The market structure has amplified this point. These same companies occupy too large a share in the main indices; their shift from “cash cows” to “leveraged growth” has altered the risk characteristics of the entire index.
This does not automatically mean that the artificial intelligence “bubble” has ended. If the returns are real and sustainable, debt-financed capital expenditures can be reasonable.
But this does mean that the margin of error must be much smaller, especially in situations with higher interest rates and tighter policies.
Early fault lines in credit and private markets
Beneath the surface of the public market, private credit is showing early signs of stress:
The same loan is valued by different managers at significantly different prices (for example, one at 70 cents on the dollar and another at about 90 cents).
This divergence is a typical precursor to the broader debate between model pricing and market pricing.
This pattern is similar to the following situation:
In 2007, non-performing assets increased and interest rate spreads widened, while stock indices remained relatively calm.
In 2008, the market that was once seen as a cash equivalent (such as auction rate securities) suddenly froze.
In addition to that:
The Federal Reserve's reserves are beginning to decline.
There is an increasing recognition internally that some form of balance sheet expansion may be needed to prevent problems in the functioning of the financial system.
None of these can guarantee that a crisis will occur. But this aligns with the situation of a system: credit is quietly tightening, while policies are still framed as “data-dependent” rather than preemptive.
The repurchase market is where the story of “reserves no longer being ample” first emerged.
On this radar chart, the “proportion of repurchase transactions conducted at or above the IORB rate” is the clearest indication that we are quietly exiting the regime of truly abundant reserves.
In the third quarter of 2018 and early 2019, that line contracted relatively: ample reserves meant that most collateralized financing was comfortably trading below the lower bound of the interest on reserve balances (IORB).
By September 2019, just before the repo market collapsed, that line sharply extrapolated as more and more repo trades were executed at rates equal to or above the IORB, which is a typical symptom of collateral and reserves scarcity.

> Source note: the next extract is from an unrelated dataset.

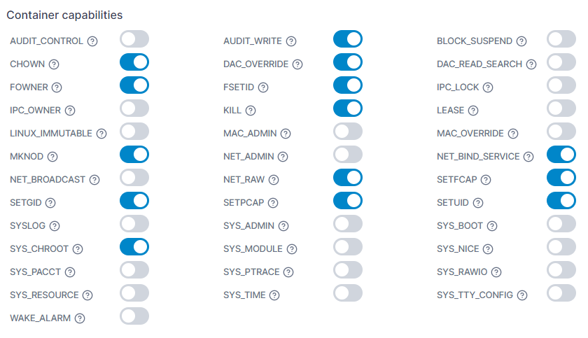 In this section you can configure the individual capabilities for your container. For more information refer to the Docker documentation.

Now looking at June 2025 vs October 2025:
The light blue line (June) remains safely on the inside, but the red line for October 2025 extends outward, approaching the outline of 2019, indicating that the proportion of repo transactions reaching the lower bound of the policy interest rate is on the rise.
In other words, traders and banks are driving up the overnight financing quotes because reserves are no longer comfortably ample.
Combining other indicators (more intraday overdrafts, higher purchases of federal funds by the U.S. discount window institutions, and an increase in the number of delayed payments), you get a clear message.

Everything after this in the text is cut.